Khái niệm cốt lõi
The authors propose a novel framework, Latent-based Diffusion Model for Long-tailed Recognition (LDMLR), that leverages the powerful generative capabilities of diffusion models to augment feature representations and address the challenge of long-tailed recognition in computer vision.
Tóm tắt
The paper addresses the problem of long-tailed recognition in computer vision, where some classes have significantly more samples than others in the training data. The authors propose a three-stage framework called LDMLR that utilizes diffusion models to generate pseudo-features and augment the training data.

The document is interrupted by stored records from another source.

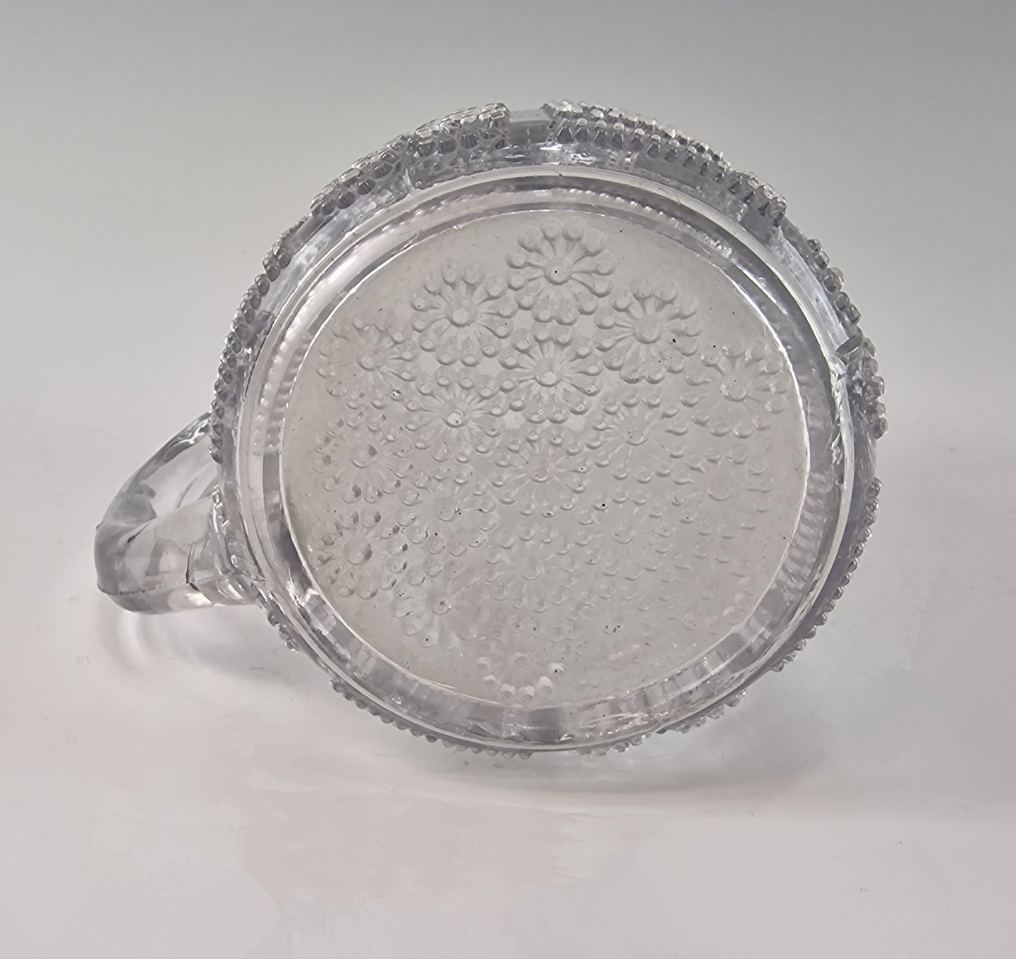 Glaskande med hank og hældetud, dekoreret med mange mønstre
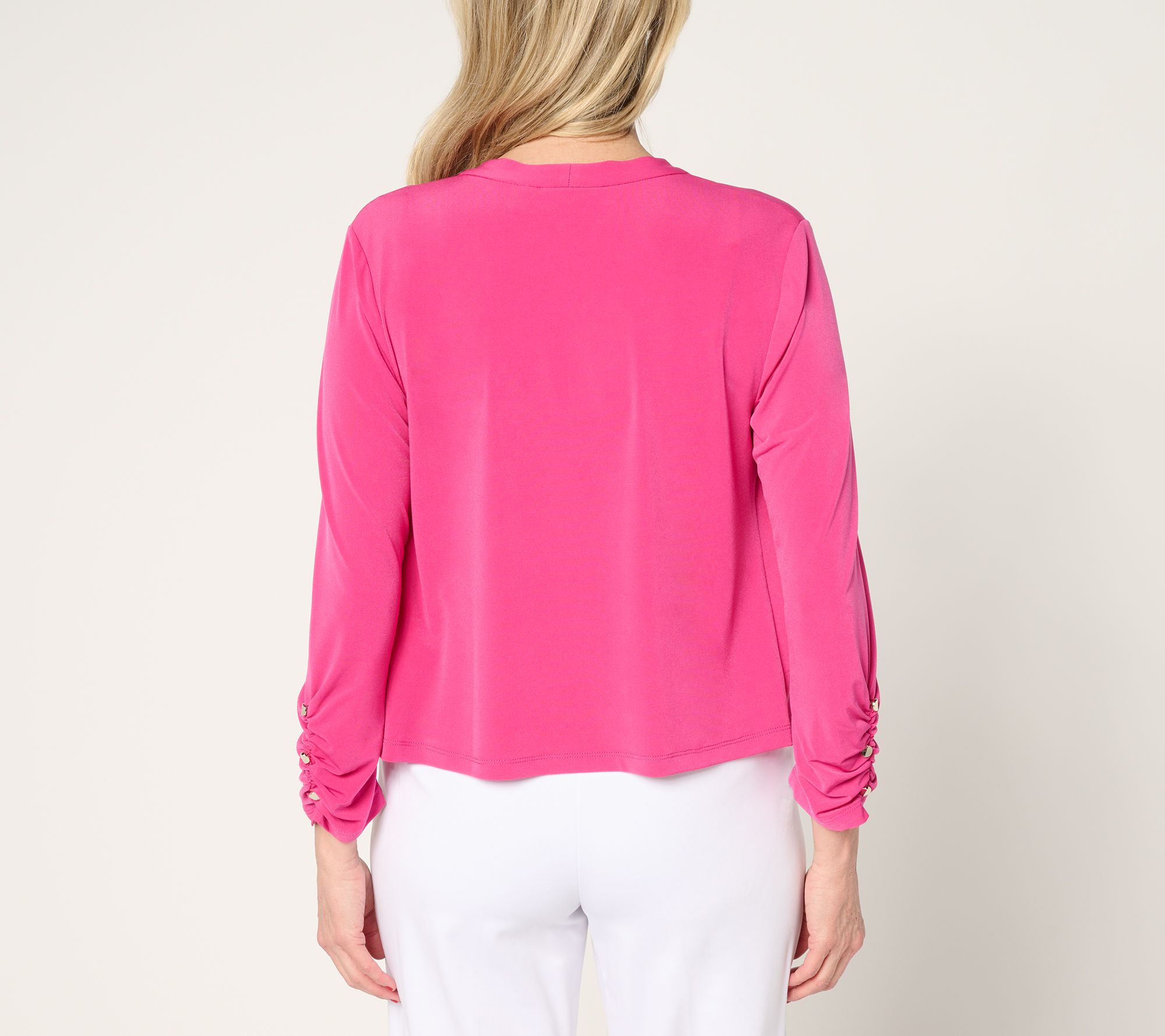 "As Is" Susan Graver Liquid Knit Shrug with Shirring & Button Detail
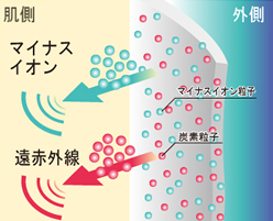 炭素粒子とマイナスイオン粒子は表面に塗っているわけではなく、ナノテクノロジーで「練り込まれている」ので、お洗濯を繰り返してもその機能が落ちにくいのがポイントです。

In the first stage, the authors train a baseline neural network model on the long-tailed dataset and extract the encoded features. In the second stage, they train a class-conditional latent diffusion model (LDM) to generate pseudo-features for different classes. Finally, in the third stage, they fine-tune the classification head using both the encoded and pseudo-features.
The experiments on CIFAR-LT and ImageNet-LT datasets demonstrate that the proposed LDMLR framework can effectively improve the classification accuracy over various baseline methods, especially for the tail classes. The authors also conduct ablation studies to analyze the impact of different components, such as the augmentation ratio and the selection of classes for feature generation.
The key highlights of the paper are:
- Applying diffusion models for feature augmentation in long-tailed recognition, which is a novel approach.
- Proposing to perform the augmentation in the latent space to reduce computational cost and training time.
- Achieving significant improvements in classification accuracy over baseline methods on long-tailed datasets.
- Providing insights into the effectiveness of targeted feature augmentation for different class distributions (many, medium, few).
Thống kê
The paper reports the following key metrics:
CIFAR-10-LT with IF=100: Baseline WCDAS accuracy 84.67%, WCDAS+LDMLR accuracy 86.29% (↑1.62%)
CIFAR-100-LT with IF=100: Baseline WCDAS accuracy 50.95%, WCDAS+LDMLR accuracy 51.92% (↑0.97%)
ImageNet-LT: Baseline WCDAS accuracy 44.6%, WCDAS+LDMLR accuracy 44.8% (↑0.2%)
Trích dẫn
"Our method applies the diffusion model to enrich the feature embeddings for the long-tailed problem, offering a new solution to this challenging problem. To the best of my knowledge, we are first to explore the capability of diffusion model in the long-tailed recognition problem."
"When using the diffusion model, we propose to do the augmentation in the latent space instead of the image space, which reduces the computational cost and speeds up the training process."